Wasteland Express Delivery Service
- Designers: Jonathan Gilmour, Ben Pinchback, Matt Riddle
- Illustrators: Riccardo Burchielli, Josh Cappel, Scott Hartman, Jason D. Kingsley
- Publishers: Pandasaurus Games (2017)
- Players: 2-5
- Playing time: 90-120 minutes
- Chance: Moderate
- Age range: 14+
- Skills: Strategy, tactics, logic

= Wasteland Express Delivery Service =

Tabletop board game

Wasteland Express Delivery Service is a board game for 2 to 5 players published by Pandasaurus Games in 2017. Designed by Jon Gilmour, Matt Riddle, and Ben Pinchback, the players in the game are couriers in a post-apocalyptic wasteland, racing to complete deliveries across a scorched landscape faster than their opponents. Players obtain cargo, such as guns, food and water, through purchase or by taking them from raider trucks which periodically attack the players. Players fulfill private contracts to obtain money and new upgrades to their truck's abilities, while the first player to complete three publicly available contracts, which range from digging up treasure to hauling a nuclear warhead across the country, wins the game.

== Gameplay ==

Players compete to deliver guns and other goods from one place to another across the post-apocalyptic landscape, completing deliveries, upgrading their trucks, and recruiting allies, while dealing with random events which happen each turn. Players can also battle raiders, make trades at outposts, and complete missions on behalf of different factions in the game.
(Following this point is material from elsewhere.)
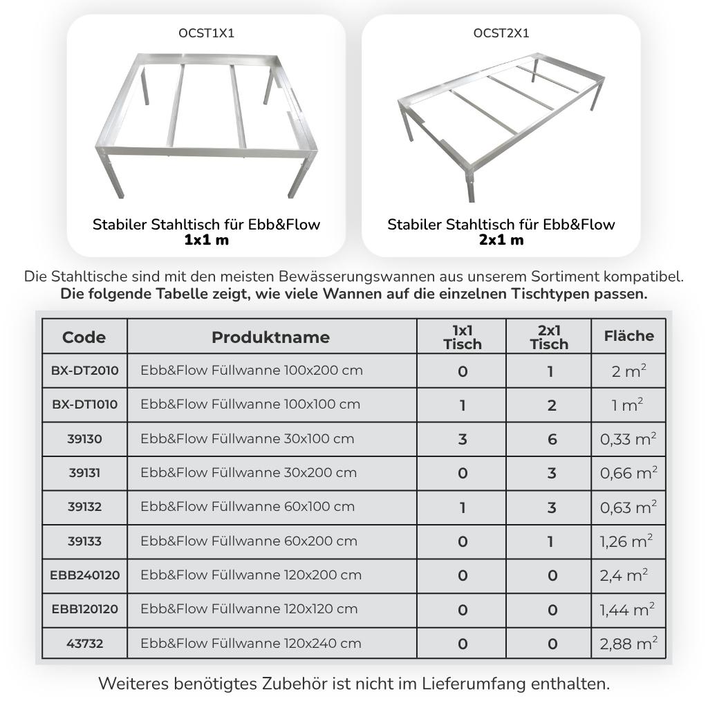 Dieser Tisch ist kompatibel mit ausgewählten Bewässerungswannen Ebb&Flow aus unserem Sortiment:
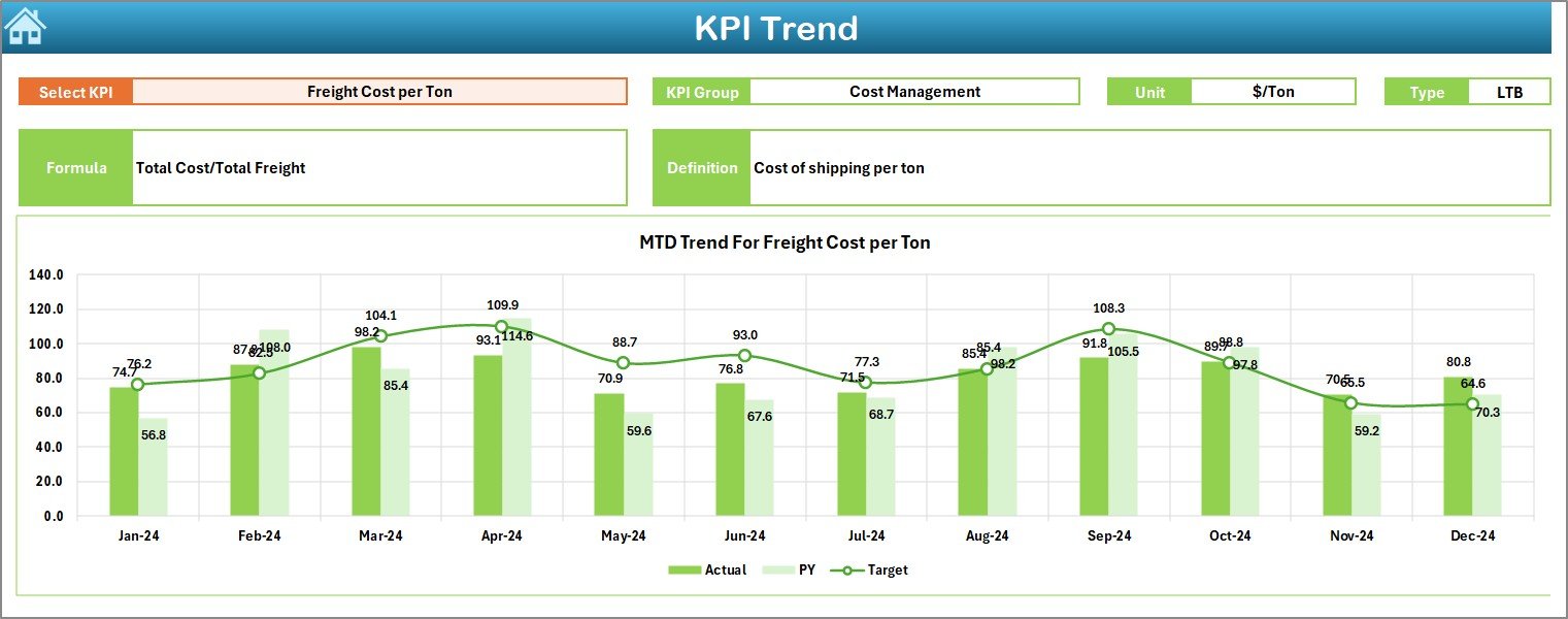 Dive deeper into each KPI’s movement over time. Select a KPI from the dropdown to see trend charts, KPI definitions, and unit of measurement. Perfect for identifying improvement opportunities.Freight Tracking KPI Dashboard in Excel

Players have the choice of one of five available drivers to play, each of which has its own unique backstory, starting abilities, and rig. The game can be played in a campaign mode, which features story based scenarios.

Each round, players can take actions until they deplete their five action markers. If the player moves, they can move more with each subsequent action, creating momentum as long as they keep moving.